• [GOAL OF THE EXERCISE] The listing below holds pictures; exclude them. Return exactly the lines from the one with "A-S1100 is still" through the one with "Fly to Bangkok".

• [DATASET RECORDS]

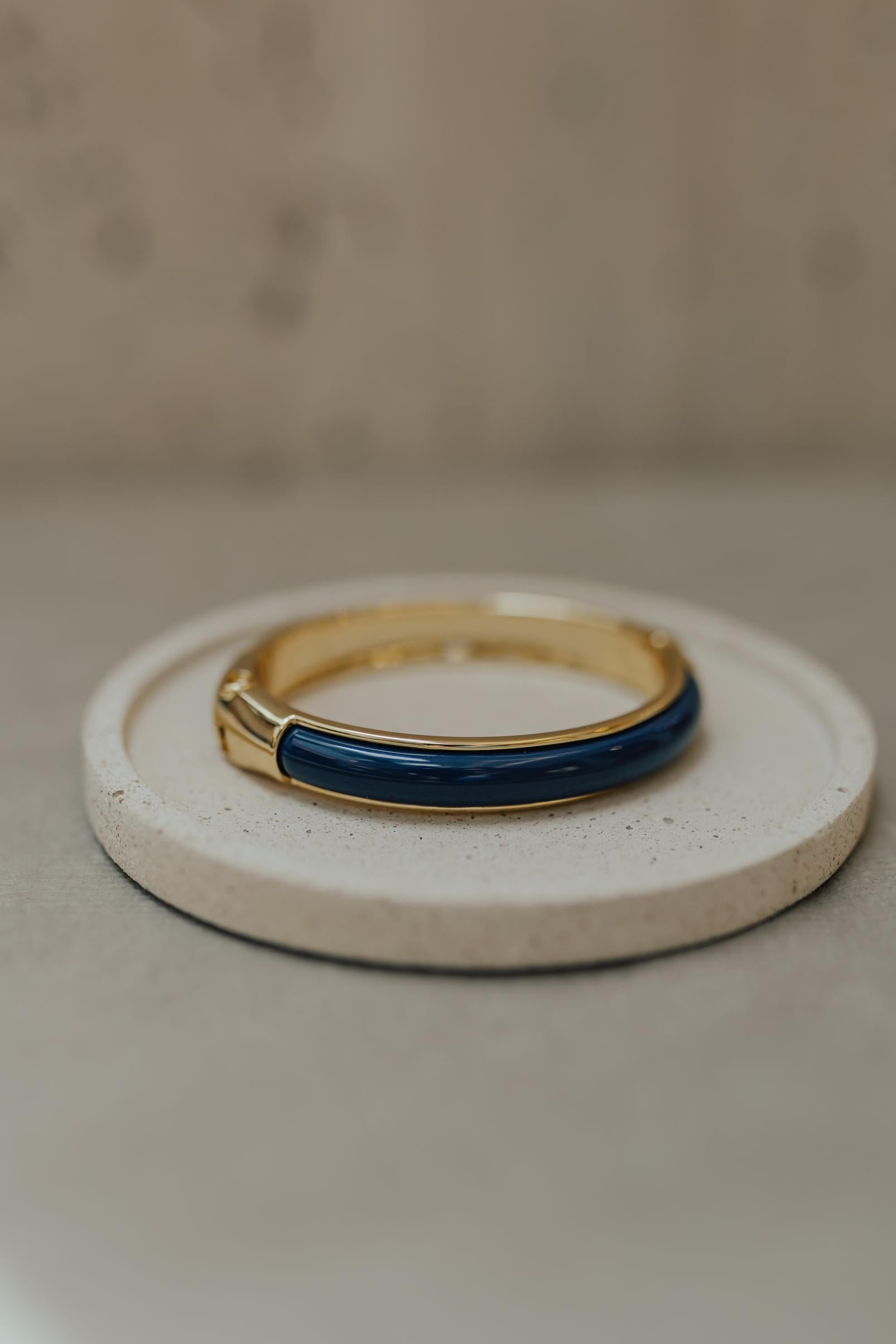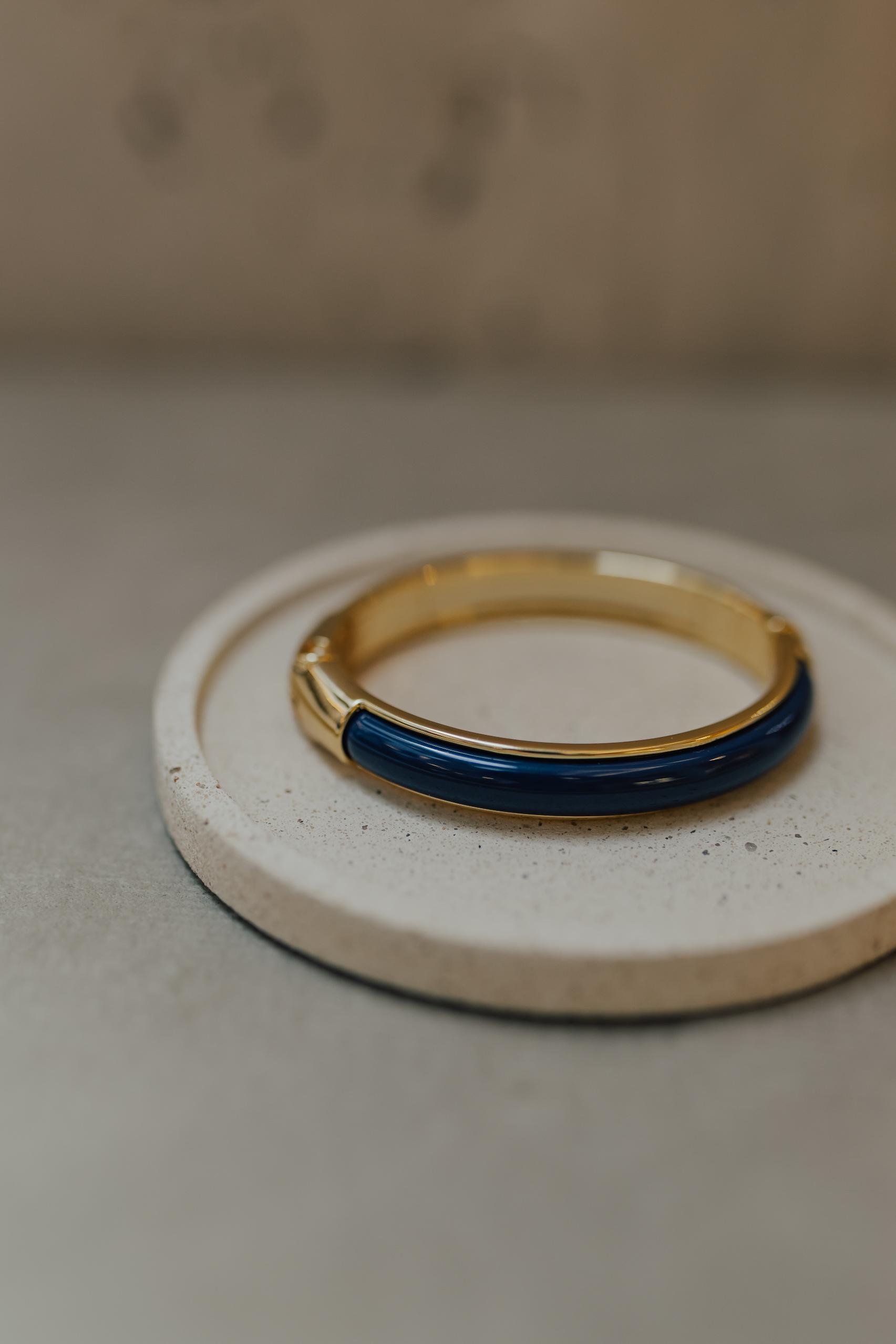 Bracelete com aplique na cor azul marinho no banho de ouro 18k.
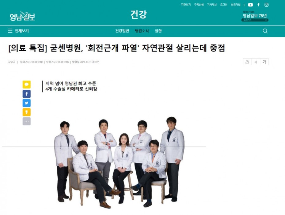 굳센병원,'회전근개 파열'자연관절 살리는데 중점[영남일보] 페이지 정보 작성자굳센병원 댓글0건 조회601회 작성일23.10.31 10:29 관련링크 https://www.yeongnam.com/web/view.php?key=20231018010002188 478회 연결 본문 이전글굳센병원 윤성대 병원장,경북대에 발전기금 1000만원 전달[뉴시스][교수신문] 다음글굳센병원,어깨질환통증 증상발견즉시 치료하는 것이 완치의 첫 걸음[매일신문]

--

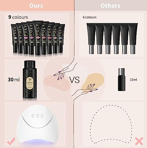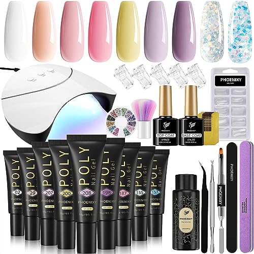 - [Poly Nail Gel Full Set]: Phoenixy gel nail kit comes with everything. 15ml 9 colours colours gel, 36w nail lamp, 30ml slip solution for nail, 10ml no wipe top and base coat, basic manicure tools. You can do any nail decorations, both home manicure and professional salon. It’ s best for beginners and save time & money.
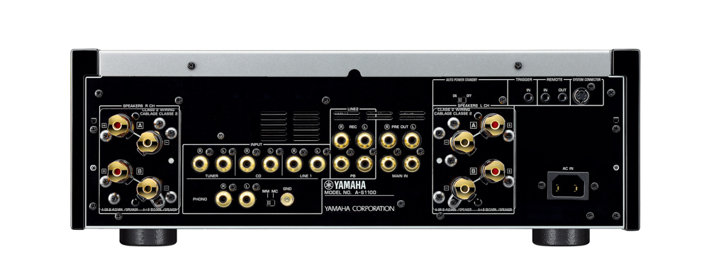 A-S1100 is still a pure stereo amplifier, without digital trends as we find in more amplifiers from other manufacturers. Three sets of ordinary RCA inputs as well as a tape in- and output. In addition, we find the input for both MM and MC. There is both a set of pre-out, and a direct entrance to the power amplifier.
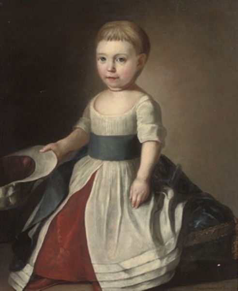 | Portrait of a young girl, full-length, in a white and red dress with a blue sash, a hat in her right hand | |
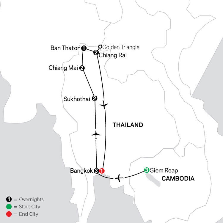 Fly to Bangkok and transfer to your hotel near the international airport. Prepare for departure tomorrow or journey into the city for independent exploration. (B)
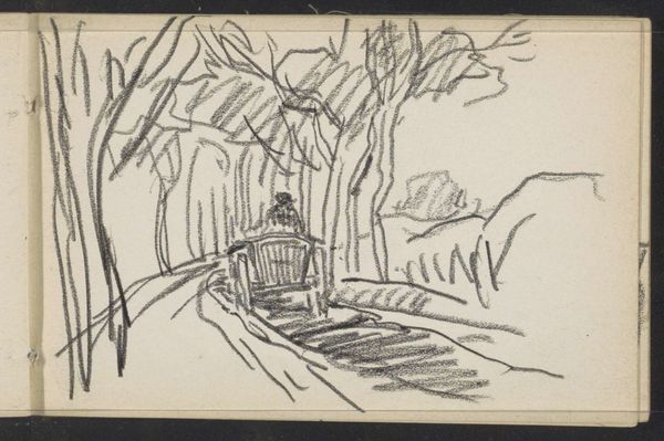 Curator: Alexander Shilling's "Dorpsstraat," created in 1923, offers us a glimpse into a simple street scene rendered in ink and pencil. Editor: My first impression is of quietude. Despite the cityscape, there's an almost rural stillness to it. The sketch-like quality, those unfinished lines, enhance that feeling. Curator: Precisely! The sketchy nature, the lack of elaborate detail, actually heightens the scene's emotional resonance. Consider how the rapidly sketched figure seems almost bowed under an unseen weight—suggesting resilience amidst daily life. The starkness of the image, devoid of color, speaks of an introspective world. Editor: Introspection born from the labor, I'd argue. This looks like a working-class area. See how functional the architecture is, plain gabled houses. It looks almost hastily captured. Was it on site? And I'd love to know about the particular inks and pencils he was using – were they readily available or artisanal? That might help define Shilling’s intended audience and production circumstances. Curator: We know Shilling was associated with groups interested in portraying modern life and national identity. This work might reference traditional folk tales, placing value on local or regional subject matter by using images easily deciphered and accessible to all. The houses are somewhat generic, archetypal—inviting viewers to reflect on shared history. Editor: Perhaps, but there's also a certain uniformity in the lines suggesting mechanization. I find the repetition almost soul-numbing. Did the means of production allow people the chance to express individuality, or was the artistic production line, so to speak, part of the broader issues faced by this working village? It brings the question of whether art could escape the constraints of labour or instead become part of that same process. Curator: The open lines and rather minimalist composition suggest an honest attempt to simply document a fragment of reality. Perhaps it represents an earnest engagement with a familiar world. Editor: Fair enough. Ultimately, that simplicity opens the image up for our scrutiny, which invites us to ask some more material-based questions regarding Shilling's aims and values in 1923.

• [RESULT]
 A-S1100 is still a pure stereo amplifier, without digital trends as we find in more amplifiers from other manufacturers. Three sets of ordinary RCA inputs as well as a tape in- and output. In addition, we find the input for both MM and MC. There is both a set of pre-out, and a direct entrance to the power amplifier.
 | Portrait of a young girl, full-length, in a white and red dress with a blue sash, a hat in her right hand | |
 Fly to Bangkok and transfer to your hotel near the international airport. Prepare for departure tomorrow or journey into the city for independent exploration. (B)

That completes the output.